= Daher Ahmed Farah =

Djiboutian politician

Daher Ahmed Farah, (Daahir Axmed Faarax) also known as DAF, is a Djiboutian politician and writer, who was born in 1962 in Dikhil.

==Biography==

===Training===
In 1983 Farah was an Inter-African admission to the annual entry competition at the Special Military School of Saint-Cyr and studied management at Reims and Limoges.

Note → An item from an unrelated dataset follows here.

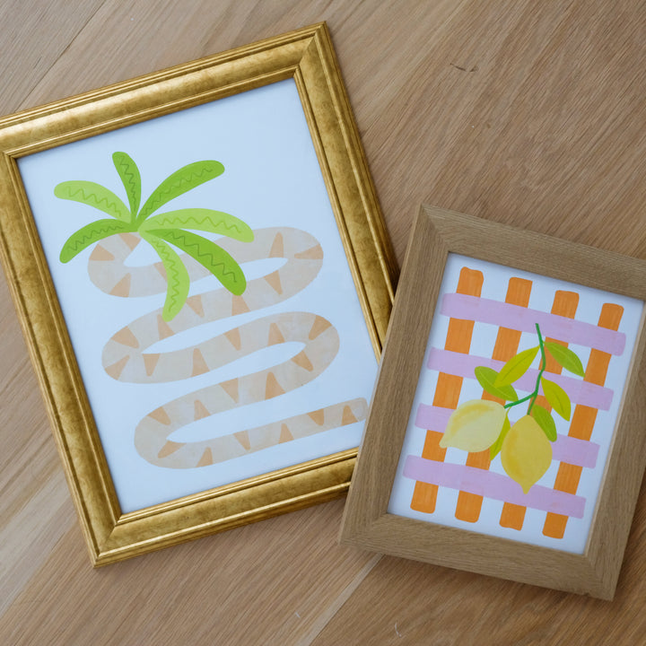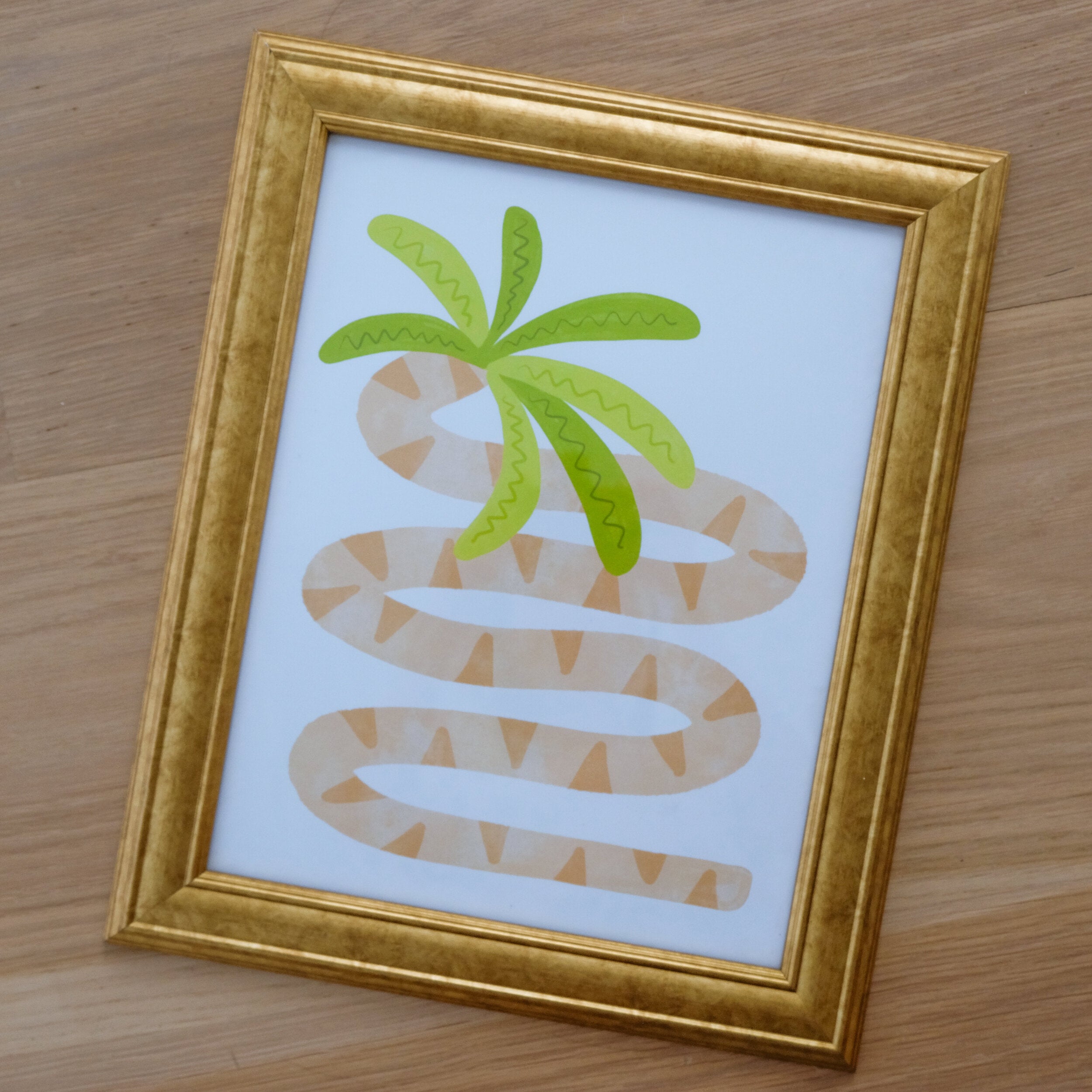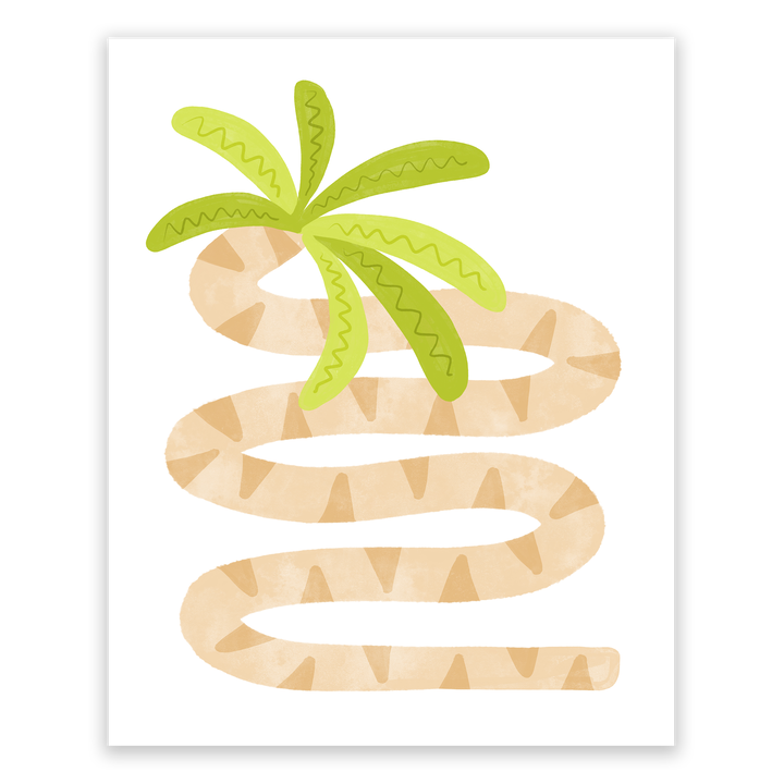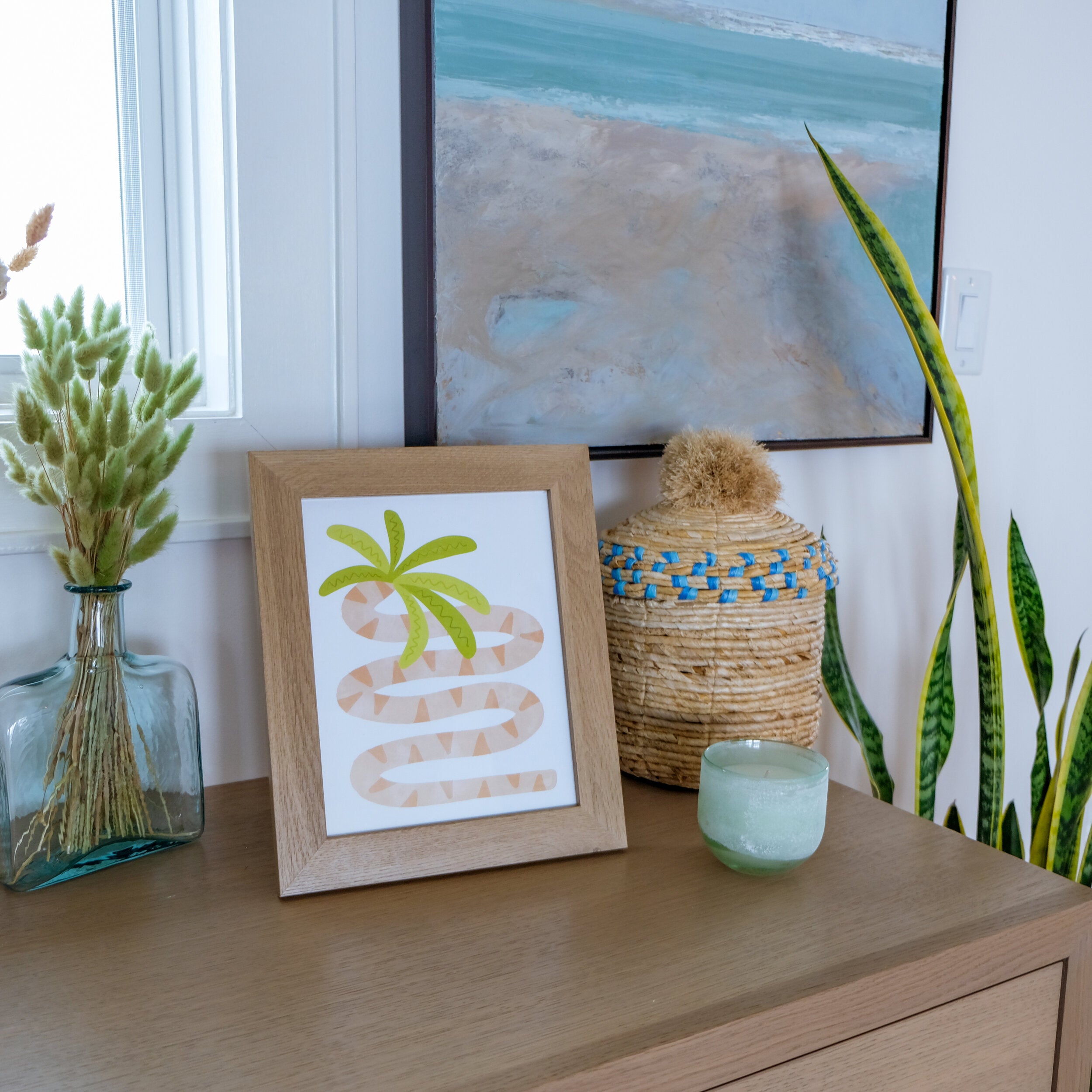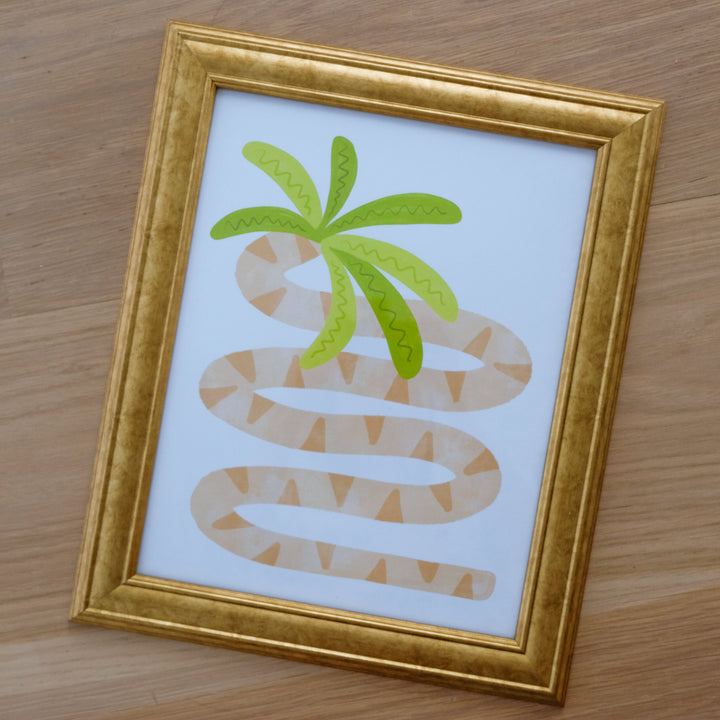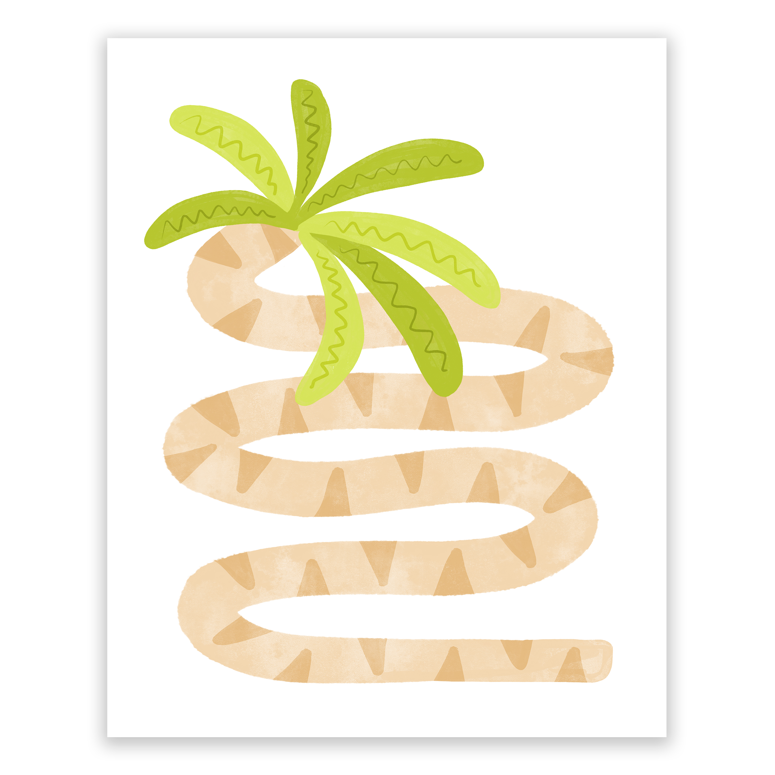 This botanical art print offers a funky, wavy reinterpretation of the classic palm tree, blending whimsical lines with a splash of bright green. Its abstract design infuses a modern twist into any space, making it ideal for minimalist or eclectic interiors. Crafted with quality, it stands as a unique and stylish focal point for any wall.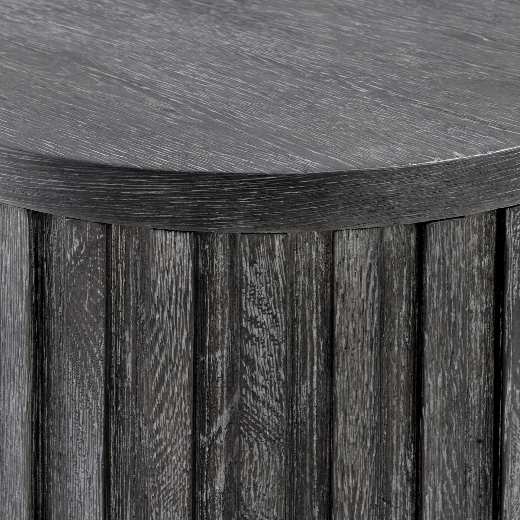 Inspired by a classic drum shape, the Menton accent table features deep linear reeding on the sides and a smooth table surface. The design is casual and modern, with an elevated appeal. The deeply textured woodgrain is highlighted by our Sutton finish.

Farah served in the Djibouti army from 1983 to 1991. In 1991, he began working at the government newspaper The Nation, briefly becoming the editor in 1992.

===Political activities===
In 1994, he participated in the formation of the Democratic Renewal Party (PRD) with Mohamed Djama Elabe and Suleiman Farah Lodon and became its president in July 1997. He was jailed in October 1997 for management of an illegal political party, in August 1999 for publishing false news, in June 2001 for concealment of public documents, and in August 2003 for defamation.

He then left Djibouti and fled to Brussels where he heads the "Movement for Democratic Renewal and Development". He took Belgian nationality. In 2013, he returned to Djibouti under the banner of the Union for national salvation (USN - opposition) in the parliamentary elections of 22 February 2013, finally officially won by the ruling party. Not elected, he was arrested again on March 5 and sentenced to three months in prison on March 17, 2013. He was provisionally released six weeks later on 12 May, after serving six weeks in prison, however he still faced charges of “being in contact with a foreign power” and “undermining the army’s morale.”

On 26 June 2013, an appeals court found Farah guilty of "refusing to comply with a judicial order" and sentenced him to a two-month jail sentence. He surrendered to authorities on 2 July, and was immediately jailed. He was released after again serving six weeks in jail, on 14 August. In September, he traveled to Brussels, Belgium, where he organized demonstrations. On 1 October, he returned to Djibouti and was immediately arrested and imprisoned.